Dynamic Programming for POMDP with Jointly Discrete and Continuous State-Spaces
Donghwan Lee, Niao He, and Jianghai Hu

TL;DR
This paper develops dynamic programming algorithms for POMDPs with mixed discrete and continuous states, proving convergence to near-optimal solutions and laying groundwork for future reinforcement learning methods.
Contribution
It introduces a DP framework for systems with coupled discrete and continuous states, with convergence proofs and potential for reinforcement learning applications.
Findings
DP algorithms converge to a bounded set near the optimal solution
Applicable to systems like Markovian jump linear systems and human-interacting physical systems
Provides theoretical foundation for future RL algorithms in mixed state spaces
Abstract
In this work, we study dynamic programming (DP) algorithms for partially observable Markov decision processes with jointly continuous and discrete state-spaces.
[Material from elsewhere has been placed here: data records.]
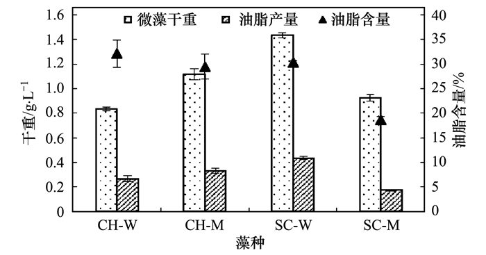 綜合而言, SC-W與CH-M藻種在城市污水中具有較好的生長與產(chǎn)脂性能, 同時對污水有較好的凈化效果, 為適宜于城市污水培養(yǎng)的高效藻種.
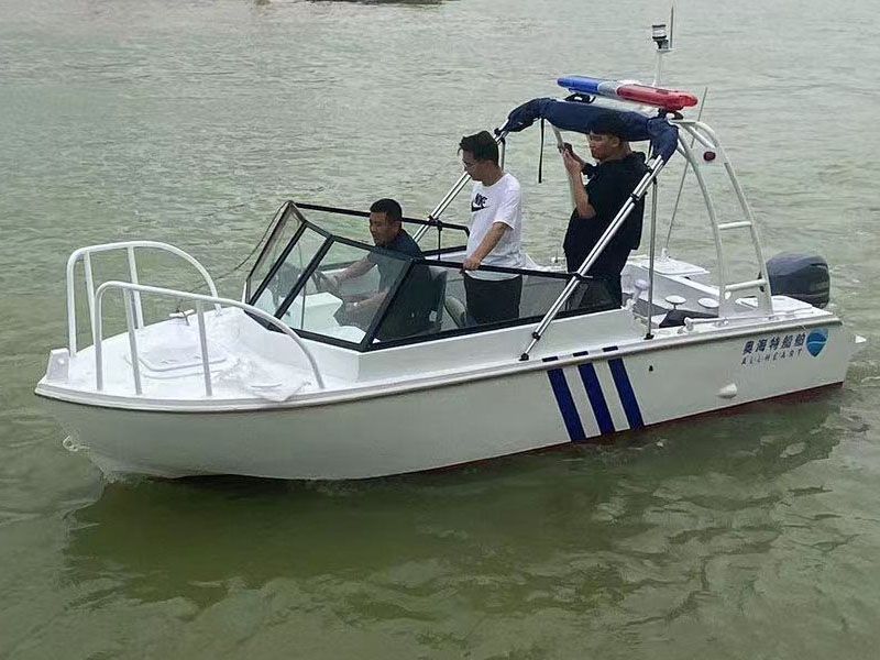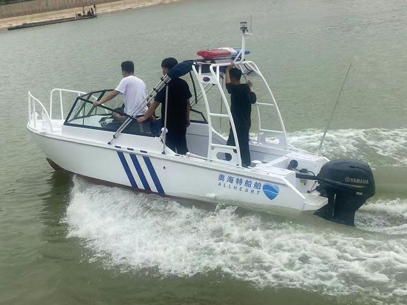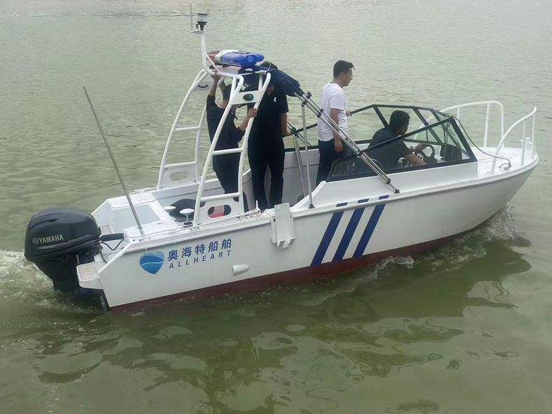 本艇為汽油掛機動力驅(qū)動的阿莫爾型高速執(zhí)法艇,具有劈浪好,航行更穩(wěn)定的特點。船體及甲板室采用帶有 CCS 證書的海洋級全鋁合金材料 5083-H116 焊接制作,其結(jié)構(gòu)強度高、重量輕、耐腐蝕。 本艇航區(qū)為內(nèi)核A級。產(chǎn)品描述
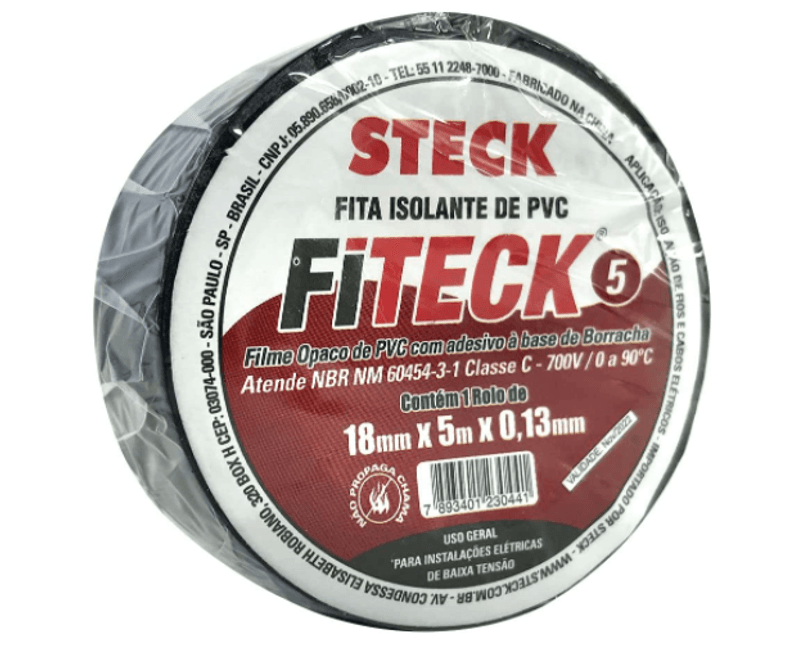 FITA ISOLANTE | COR: PRETA | LARGURA: 18MM | COMPRIMENTO: 5M | INFORMACOES ADICIONAIS: POLICLORETO VINILA ESPESSURA 0,13MM TEMPERATURA 0-90GRC TENSAO ISOLACAO 700V | MODELO: FITECK | MARCA: STECK| REF: SFT1305
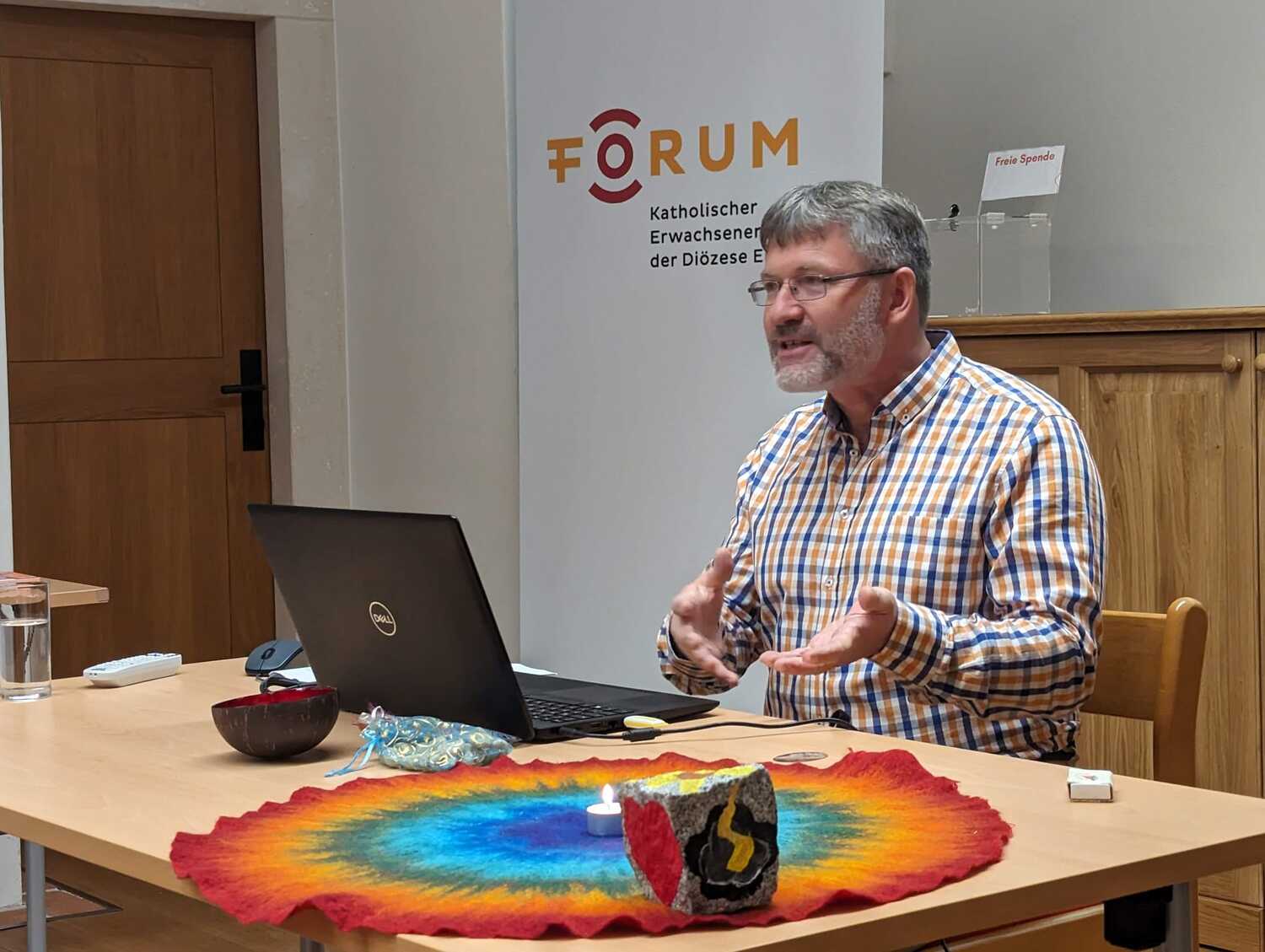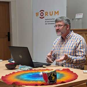 Nikolaus Faiman fesselte die Anwesenden mit einem breiten Spektrum an Anschauungsmaterial und praxisnahen Beispielen. Einfühlsam und mit großem Fachwissen erläuterte er den Unterschied zwischen Ritualen und Gewohnheiten. Dabei hob er hervor, wie Rituale im Familienalltag eine Brücke zwischen Glauben und dem täglichen Leben schlagen können.
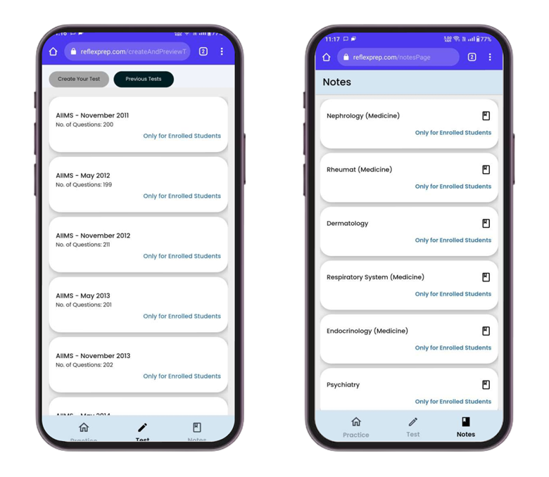 Reflex was developed as an exam preparation app tailored for students preparing for competitive exams like NEET, essential for medical school admissions in India. The app offers features such as timed practice tests, topic-specific quizzes, and performance tracking to help students study effectively.
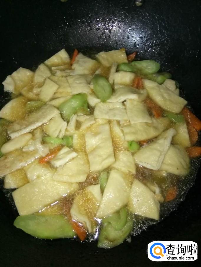将油豆腐下入锅里,马上加入适量的水、蚝油,煮开;
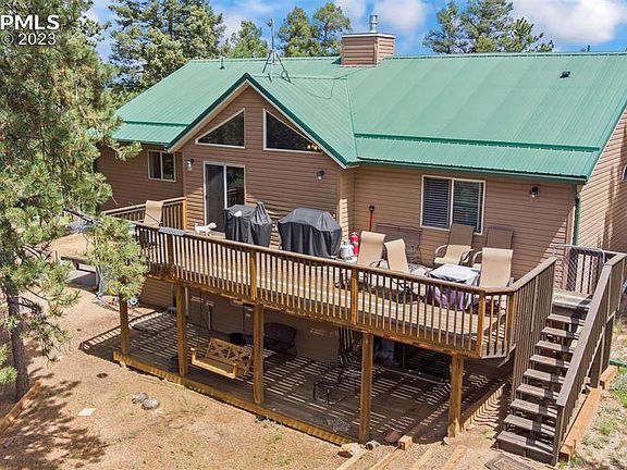 Welcome to your mountain paradise! Nestled on a generous 1.38-acre lot, this exquisite 3-bedroom, 3-bathroom home offers a tranquil retreat with captivating views that will leave you in awe. Step inside, and you'll be immediately captivated by the grandeur of the high vaulted ceilings, adding an air of spaciousness and sophistication to the living spaces. The double-sided fireplace is a striking centerpiece, providing a cozy ambiance that warms both the living area and the adjacent space, perfect for intimate gatherings or peaceful moments of reflection. Prepare to be mesmerized by the breathtaking views that surround this mountain home. Whether you're gazing out the large windows or stepping onto the outdoor deck, the beauty of nature unfolds before your eyes. Imagine waking up to stunning sunrises and unwinding to picturesque sunsets - this home truly brings the outdoors in. Situated just minutes away from both Cripple Creek and Florissant, this property offers the best of mountain living and convenient access to nearby amenities and attractions. Enjoy exploring charming local shops, dining at quaint restaurants, or immersing yourself in the rich history of the area. The three well-appointed bedrooms provide comfort and privacy for everyone in the household, while the three bathrooms offer convenience and ease. Embrace the serenity of nature on this generous mountain property, with ample space for outdoor activities, gardening, and creating cherished memories with loved ones. Don't miss this once-in-a-lifetime opportunity to own your dream mountain home. Schedule a viewing today and let the magic of this location and its surroundings captivate your heart. Your mountain adventure awaits!

We consider a class of stochastic systems which have coupled discrete and continuous systems, where only the continuous state is observable. Such a family of systems includes many real world systems, for example, Markovian jump linear systems and physical systems interacting with humans. A finite history of observations is used as a new information state, and the convergence of the corresponding DP algorithms is proved. In particular, we prove that the DP iterations converge to a certain bounded set around an optimal solution. Although deterministic DP algorithms are studied in this paper, it is expected that this fundamental work lays foundations for advanced studies on reinforcement learning algorithms under the same family of…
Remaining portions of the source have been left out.